Staff Software Engineer (Storage)

Crusoe Energy Systems(Crusoe AI)

Co-leading architecture and development of Crusoe’s AI-optimized object storage platform for high-performance data access in GPU-intensive ML workloads.

  • Building a dual-protocol storage solution that would support both NFS and S3 access patterns over unified datasets, enabling seamless integration with legacy HPC workflows and modern AI workloads
  • Designing and implementing intelligent node-local (Tier-0) caching and pre-fetching strategies to minimize data access latency, reducing data bottleneck time and increasing GPU utilization to reduce cost-per-GPU-hour (TCO)
  • Benchmarking and profiling storage access patterns for model training/inference workloads and PyTorch/TensorFlow data loading pipelines to eliminate storage bottlenecks
  • Supporting multi-cluster, multi-vendor storage system enabling rapid deployment of new storage clusters

Software Development Engineer

Amazon Web Services

Led architectural initiatives for Amazon Data Firehose, serving enterprise customers processing billions of events daily.

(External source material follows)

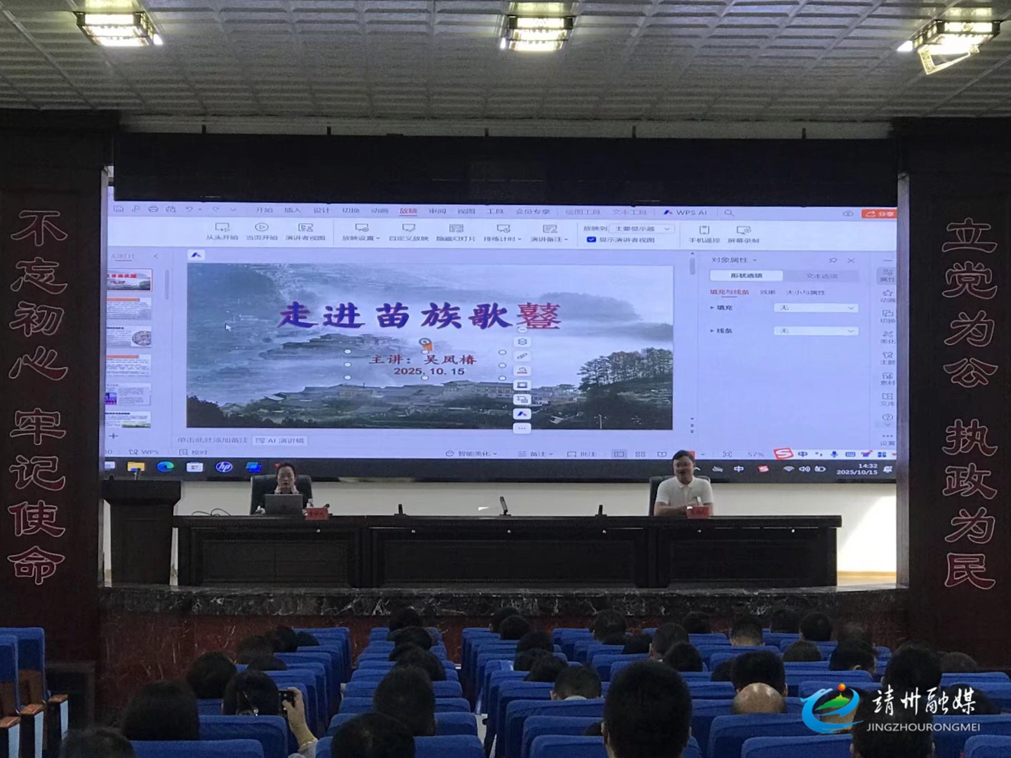 靖州融媒10月17日讯(通讯员 罗金 林蓉)“杨梅杨,杨梅杨,生在路边逗人尝......”10月15日,国家级非物质文化遗产——苗族歌鼟走进中共靖州苗族侗族自治县委党校主体班课堂,80余名参训干部“零距离”触摸民族文化根脉。

  • Led the architectural migration of Firehose’s Dynamic Partitioning to microservices-based Gen2 architecture, driving scalability and operational efficiency while managing a team of 5 engineers
  • Redesigned partitioning and scaling strategy, increasing per-partition throughput by 400% and partition count by 1000% using Akka’s PartitionHub/MapAsync, eliminating manual scaling interventions and customer escalations
  • Led improvements in Data Processing framework enabling efficient workload offloading and streamlining data transformations using SQS, DynamoDB/Redis Pub-Sub
  • Implemented generic lease management library to support multiple services during Gen2 migration across Firehose’s backend services
  • Led performance optimization initiatives, profiling Java services to diagnose and resolve native memory leaks causing high GC/CPU utilization
  • Improved operational posture by defining SOPs, dashboards, and alarms, reducing MTTR for high-severity incidents
  • Spearheaded Load Balancer migration from hardware-based VIPs to ELBs, reducing costs, enabling on-demand scaling, and cutting expansion time from months to days
  • Led Firehose region expansion in KIX with 3 engineers, introducing automations that reduced region launch times by 67%
  • Mentored engineers across teams through technical deep dives and onboarding sessions, fostering engineering excellence

Software Engineer

WeWork

Migrated WeWork’s legacy PHP-based space service to Go/gRPC/Protocol Buffers/Kubernetes-based microservices architecture as part of a 5-engineer team.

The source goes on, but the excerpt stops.